INTRODUCTION: Hemoglobin-based oxygen carriers (HBOC) have been developed as an alternative to blood transfusions. Their nitric-oxide-scavenging properties HBOC also induce vasoconstriction. In acute lung injury, an excess of nitric oxide results in a general vasodilation, reducing oxygenation by impairing the hypoxic pulmonary vasoconstriction. Inhaled nitric oxide (iNO) is used to correct the ventilation perfusion mismatch. We hypothesized that the additional use of HBOC might increase this effect. In a rodent model of ARDS we evaluated the combined effect of HBOC and iNO on vascular tone and gas exchange. METHODS: ARDS was induced in anaesthetized Wistar rats by saline lavage and aggressive ventilation.
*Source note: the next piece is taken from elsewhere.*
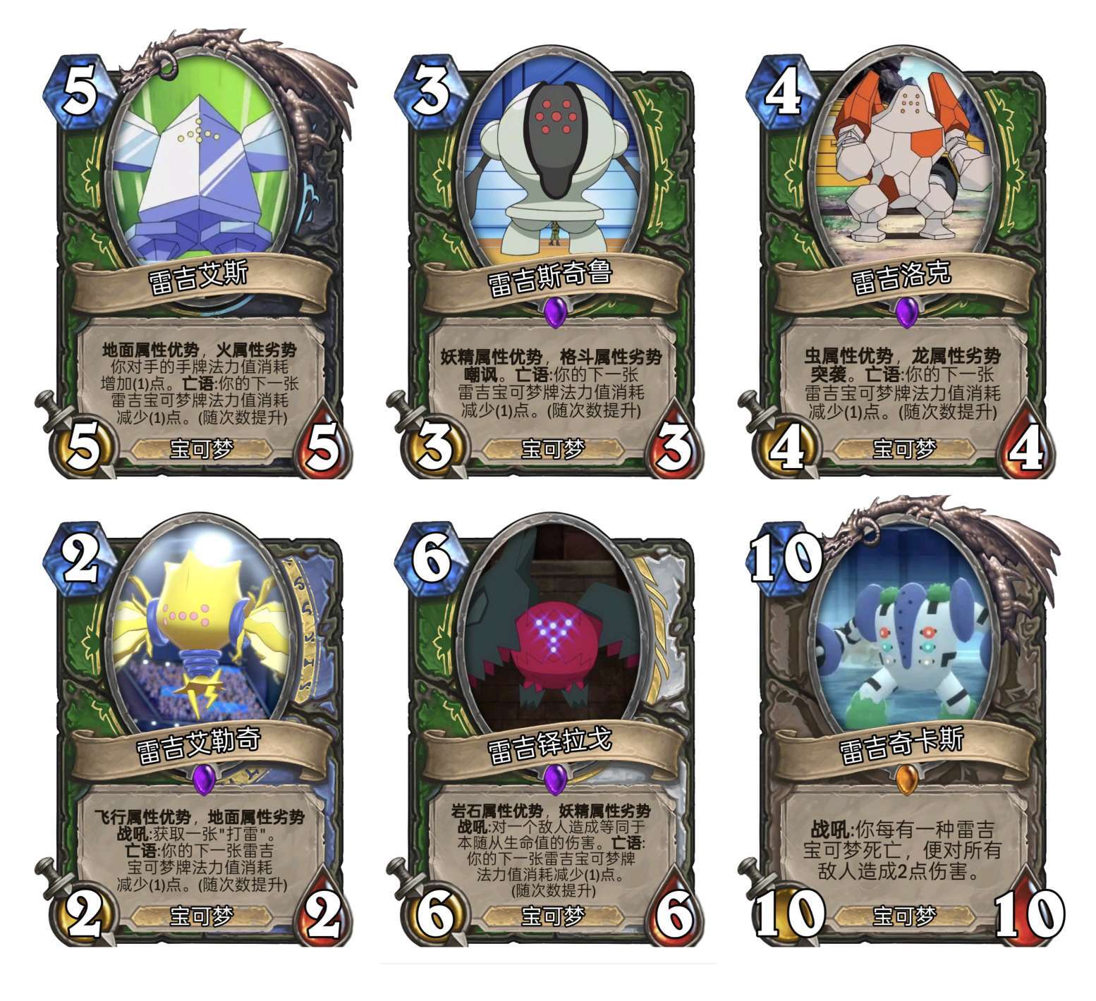 这次他带来了全新的体系-雷吉宝可梦体系,这个体系有且仅有6种,并且它们中有一个统领者为中立卡。让我先来看看这些"雷吉"们。
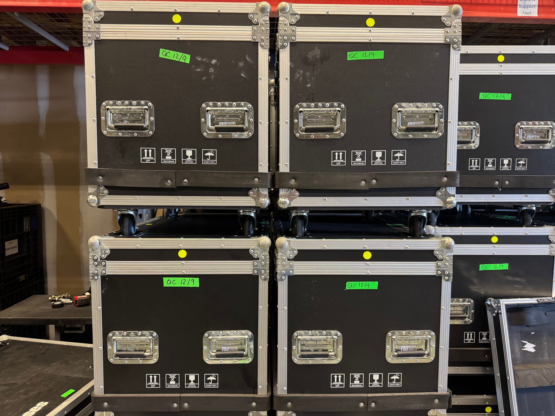 - Audio: Consoles booted, faders and encoders exercised, speakers and amps

Two groups received either hydroxyethylstarch 10% (HES; n = 10) or the HBOC hemoglobin glutamer-200 (HBOC-200; n = 10) via a central venous infusion. Additionally, both groups received iNO. Monitoring of the right ventricular pressure (RVP) and mean arterial pressure (MAP) was performed with microtip transducers. Arterial oxygenation was measured via arterial blood gas analyses. RESULTS: Application of HBOC-200 led to a significant increase of MAP and RVP when compared to baseline and to the HES group. This effect was reversed by iNO. The application of HBOC and iNO had no effect on the arterial oxygenation over time. No difference in arterial oxygenation was found between the groups. CONCLUSION: Application of HBOC led to an increase of systemic and pulmonary vascular resistance in this animal model of ARDS. The increase in RVP was reversed by iNO. Pulmonary vasoconstriction by hemoglobin glutamer-200 in combination with iNO did not improve arterial oxygenation in ARDS.